What to produce →
In the entries below, find the line with "BP has an austere", then set it down exactly along with each line after it to the end, skipping any pictures.

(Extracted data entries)
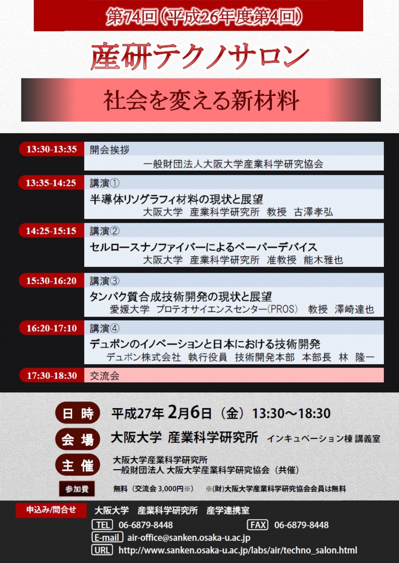 第74回(平成26年度第4回)産研テクノサロン
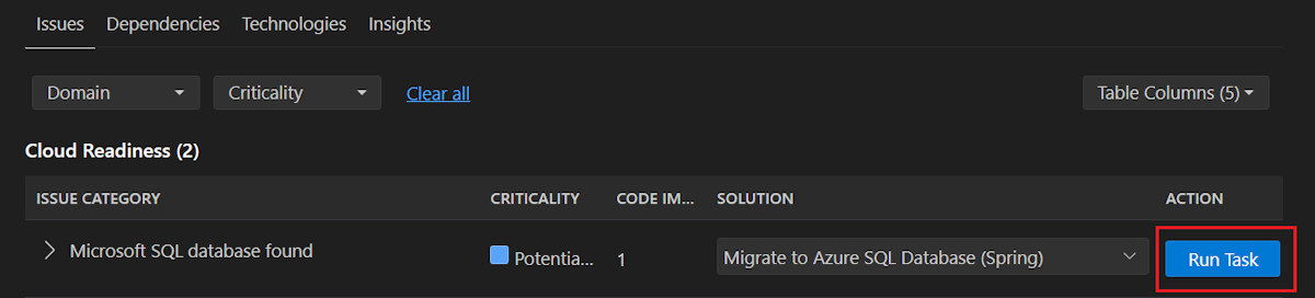Ao revisar o relatório de resumo, você pode selecionar Migrar para Banco de Dados SQL do Azure (Spring) na lista de soluções sob a questão Migração de Banco de Dados (Microsoft SQL). Em seguida, selecione Executar Tarefa para ir para o estágio de correção de código.
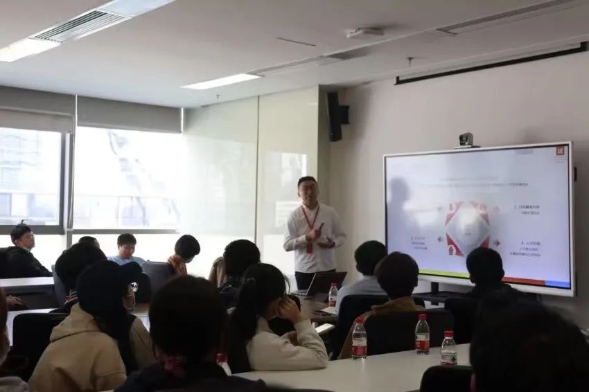 下午14:30分,同学们进入会议室开展了座谈会,入职京东5年韩春涛学长与同学们进行了亲切的交流。
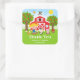 Adesivo Quadrado Aniversário Vermelho Fazenda Menina Cabelo Loiro O
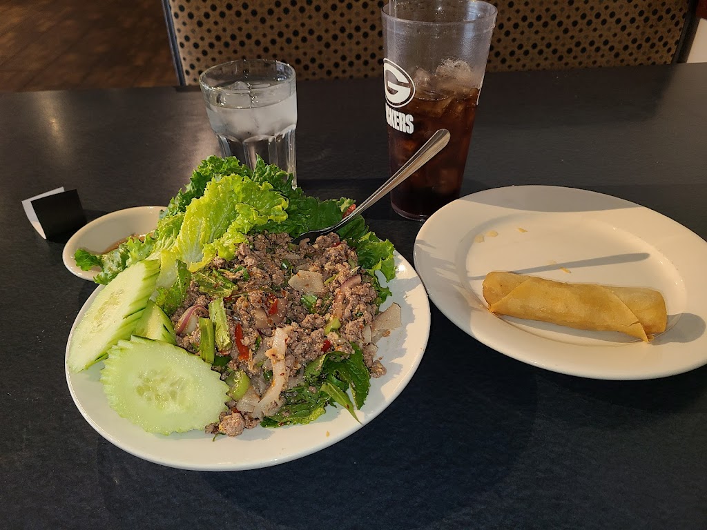 By FAR, the worst dining experience in my life. Ordered the egg rolls, they showed up at room temperature, almost cold and the restaurant only had 1 other customer? Then my beef Laab showed up even colder?? I left after 1 bite because it was cold & disgusting- gave them a 15% tip and went to Arby's which wasn't great but it was warmer. I doubt this was cooked fresh, tasted like cheap buffet that hadn't warmed up yet. The picture is what I left behind after tabbing out & walking. The diet coke was good 👍
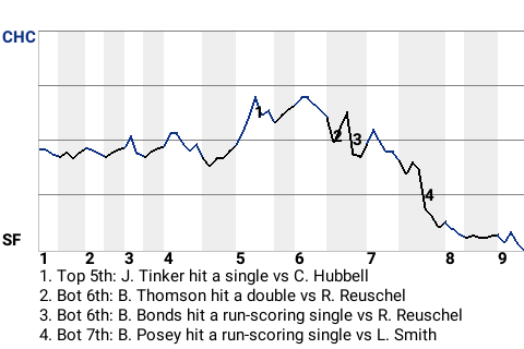 San Francisco starter Carl Hubbell put the Chicago offense in a vise grip. The left-hander relied heavily on his fastball in leading the Giants to a 3-1 win. San Francisco's record now stands at 25-22, placing them third in the National League Western Division.
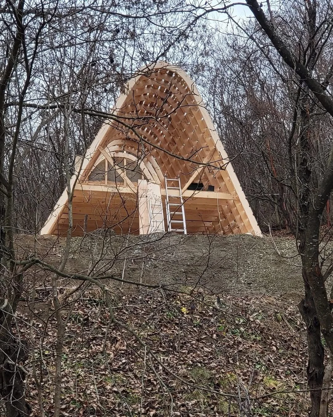 Proiectul A frame explorează relația dintre arhitectură și natură printr-o formă organică, inspirată de curburile naturale ale peisajului. Structura din lemn lamelar curbat definește un volum fluid, cu o prezență sculpturală care se integrează firesc în vegetația densă a terenului.
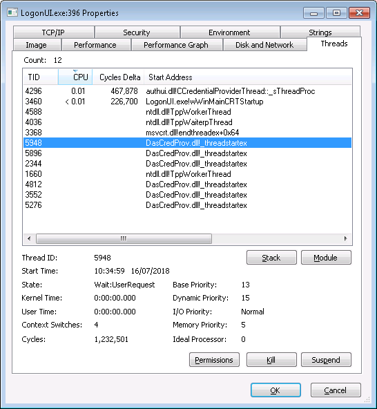 Right click it, choose Properties…, then tab Threads. You should see some threads with the name "DasCredProv.dll! ..."
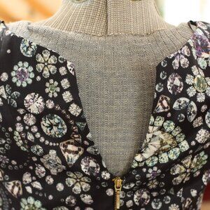 Very neat printed diamonds and multi-colored jewels pattern on this black dress!
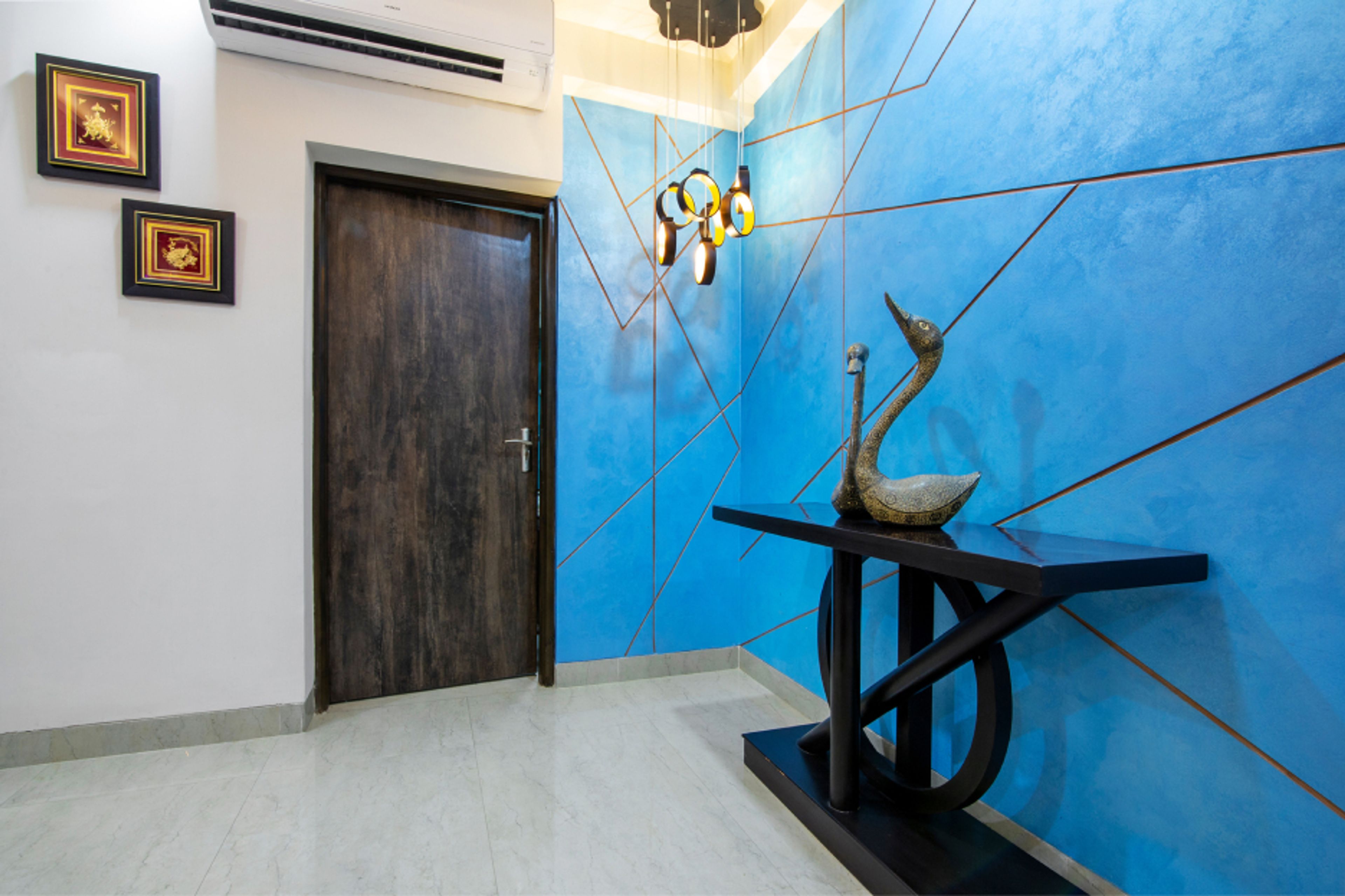 1. The blue textured wall paint with the wall trims gives the foyer design a serene aesthetic
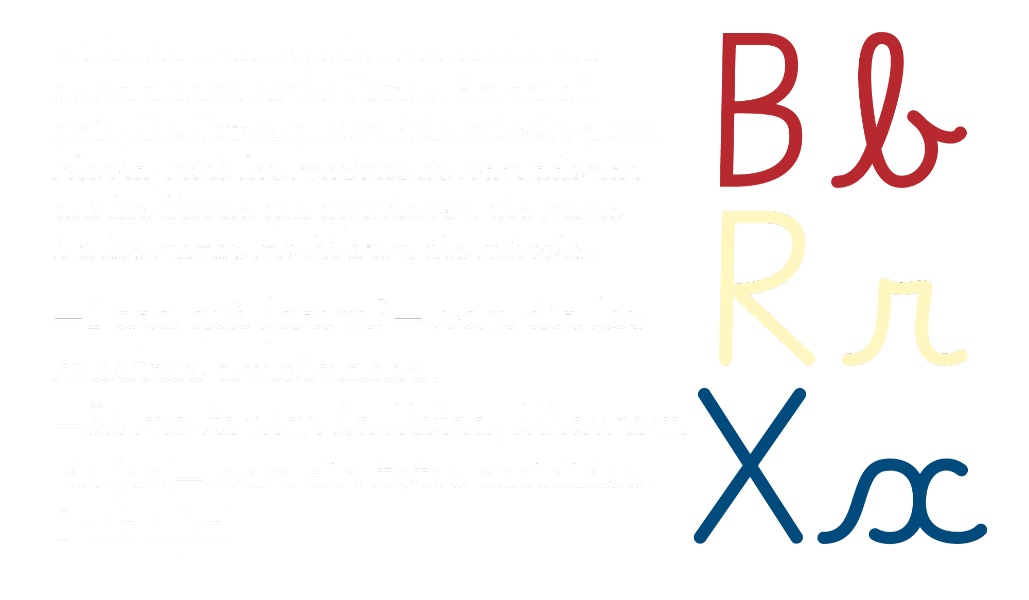 BP has an austere morphology to facilitate the recognition of the ductus of the signs. It is not a display typeface; it is a tool for teaching literacy.
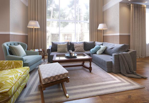 Домашняя классика предпочитает приглушенные, пастельные тона, с уместным дополнением более насыщенных акцентов.
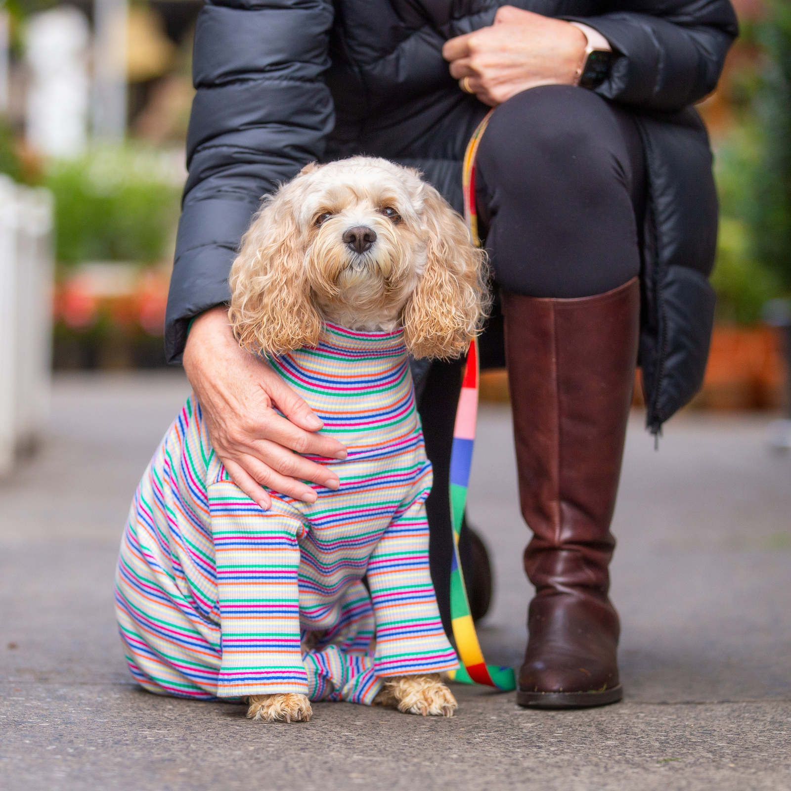 Snuggly and stretchy pyjamas that are easy to put on, and help to reduce fur and dirt from getting into our beds. Also great for the colder months to give Millie an added layer of warmth.
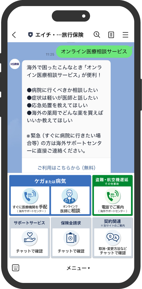 ※ LINEでの無料通話を使用するには、「エイチ・エス損保」の公式アカウントを検索して、友だち追加する必要があります。(通話にかかる通信料はお客さまの負担となります。)
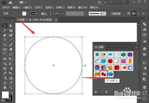 3.鼠标点击选中圆形,在3D效果中勾选3D效果20的方案

Output →
 BP has an austere morphology to facilitate the recognition of the ductus of the signs. It is not a display typeface; it is a tool for teaching literacy.
 Домашняя классика предпочитает приглушенные, пастельные тона, с уместным дополнением более насыщенных акцентов.
 Snuggly and stretchy pyjamas that are easy to put on, and help to reduce fur and dirt from getting into our beds. Also great for the colder months to give Millie an added layer of warmth.
 ※ LINEでの無料通話を使用するには、「エイチ・エス損保」の公式アカウントを検索して、友だち追加する必要があります。(通話にかかる通信料はお客さまの負担となります。)
 3.鼠标点击选中圆形,在3D效果中勾选3D效果20的方案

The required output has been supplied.